This is a Newbie Question.
In the Code below
val var_A=graphA.edges
.filter{case(currEdge)=>currEdge.srcId==currEdge.dstId}
.map{case(currEdge)=>(currEdge.srcId,currEdge.attr)}
var_A
has a type RDD[(graphx.VertexId,Double)]
I want to create a Map using graphx.VertexId
as key, but then I map have a large Dataset and I was trying to use "lookup" instead.

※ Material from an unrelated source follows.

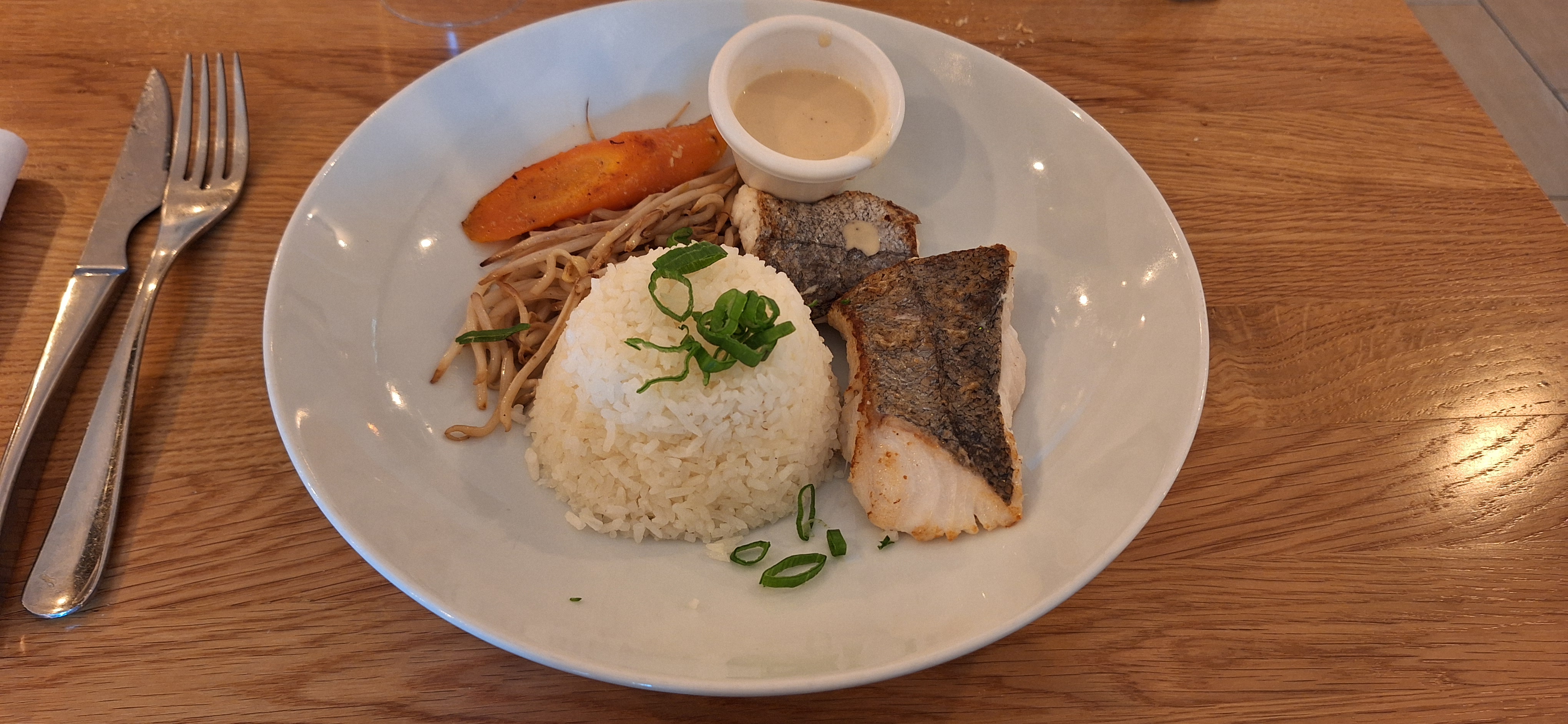 Nous sommes arrivés ici après une longue journée. C'était très calme, mais après une agréable conversation, il est devenu clair que ce restaurant attire de nombreux clients, surtout à l'heure du déjeuner. Le saumon aux légumes était parfait et le risotto aux coquilles Saint-Jacques était juste et très savoureux. Ne vous laissez pas rebuter par le voisinage des autres restaurants et du centre commercial. Le service est bon et c'était délicieux.

But when I use lookup on "var_A", then it shows me
return type: Seq[Double]
and Input/Key type: graphX.VertexId
.
I am troubled with the return type which I expect to be Double
rather than Seq[Double]
. Please point out the error.
Then I made var_B:
val var_B= var_A.zipWithUniqueId
Now when I use look up on "var_B", I get
return type: Seq[Long]
and
Input/Key type: (graphX.VertexId,Double)
.
I basically want to lookup with graphX.VertexId
as Input/Key type and want Double
as the return Type.
Also I am doing this because Map may not have fitted on the driver's memory, causing OOM exceptions perhaps. But Actually the maximum Tuples that I would have will be in the order of 10^4. So is actually Big to be stored in Memory and broadcasted in the cluster?